Alex paused the interview and left the room, leaving Susan Griffiths alone with whatever thoughts filled her head. She couldn’t escape the thought that Luke’s revenge had cost him his life. But was it really that simple? Chloe had spoken in such detail about her brother. None of what she’d said reflected a malicious boy who’d have sent those emails purely based on spite.

Alex turned back to the door and looked through the glass at Susan Griffiths. Only a certain type of person could carry a secret of that enormity for all those years; one Alex knew she would never understand. She would never want to.

Even now, the woman wasn’t sorry for what she’d done to her son and to her family. She was sorry she’d been banished from the church. She was sorry she was being punished for it and she was confessing to free herself.

In the corridor, Alex leaned against the wall and took a deep breath.

Just as Chloe was beginning to mend, this was going to break her.





Chapter Seventy-Nine





Scott carried the last of Chloe’s things upstairs to the bedroom Alex had made ready for her. She had given her the back room, the one with the view of the garden, and had made up the bed with new sheets she had bought the previous evening. She put fresh flowers in a ceramic jug on the window sill. Alex knew enough to realise the flat Chloe was leaving behind had never been a home.
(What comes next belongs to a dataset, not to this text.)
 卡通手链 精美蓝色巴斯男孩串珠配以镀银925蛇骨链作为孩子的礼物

In so many ways, a home was something Chloe had never known.

She might have tried to convince herself she was doing this purely for Chloe’s sake, but Alex realised that was only partly true. Chloe wasn’t the only one who had lost a sense of home. Roaming around that house listening to the conversations that took place amongst the ghosts she allowed to remain there had become a habit Alex needed to break free from. It had kept her in limbo, stuck between a past to which she could never return and a future that wasn’t hers to claim.
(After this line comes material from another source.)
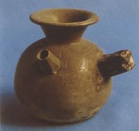 說(shuō) 明: 胎質(zhì)灰白,質(zhì)地堅(jiān)密.通體施青黃釉.此壺器型很小,與藥碾等伴出,是一種溫藥用具.

Chloe would give her something other than herself to focus on.

Chloe hadn’t said too much about what was going on between her and Scott. Alex imagined she didn’t want to think too far into the future. There had already been too much thinking about the past. For now, Chloe seemed happy to exist in the moment. Alex was pleased to see glimpses of Chloe’s former self, though she was sorry she and Scott hadn’t been able to get to know one another under different circumstances, ones that hadn’t involved Chloe’s shame and secrets laid out bare between them.

Scott had visited Chloe several times in the hospital. He had given her lifts. He had helped her pack her limited possessions into boxes and then transported them from the flat to Alex’s house. He hadn’t judged her, despite everything he now knew.
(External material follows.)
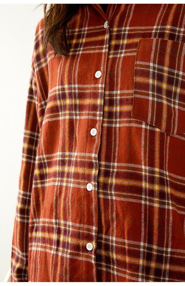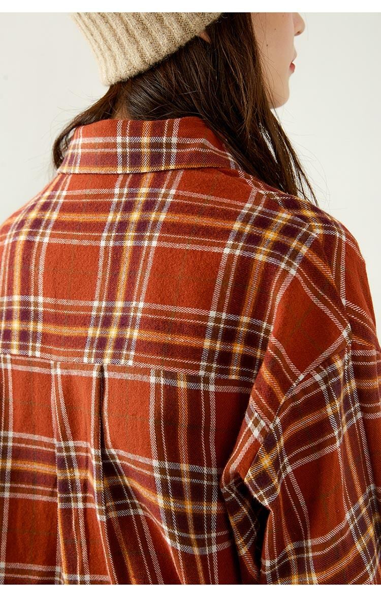 秋冬シーズンにピッタリなカラー感で、カジュアルムードを引き立てる、チェック柄シャツシャツです。

Small things. Kind things. The things Chloe’s life had been missing for so long.

Scott came back down the stairs and thanked Alex for the tea she had made him, handing her the empty mug. She took it from him and headed into the kitchen, closing the door behind her to give Scott and Chloe some privacy.



‘Thanks for all your help.’

He smiled. ‘You’re welcome.’ He gestured to the kitchen. ‘This is good of her.’

Chloe nodded. She didn’t know how she was ever going to repay Alex. By being better, perhaps. By making sure she learned from her mistakes.

‘There’s something I want to ask you.’

‘Sounds ominous.’

Scott took her hand in his. ‘I was wondering if you would do me the honour of going for dinner with me one evening. I think you’ve made me wait long enough now.’

Chloe laughed. She squeezed his hand. His skin felt good against hers. Safe.

‘I’ll have to check my diary.’

He leaned in and kissed her. It was brief but perfect. ‘I checked it for you. You’re free on Thursday.’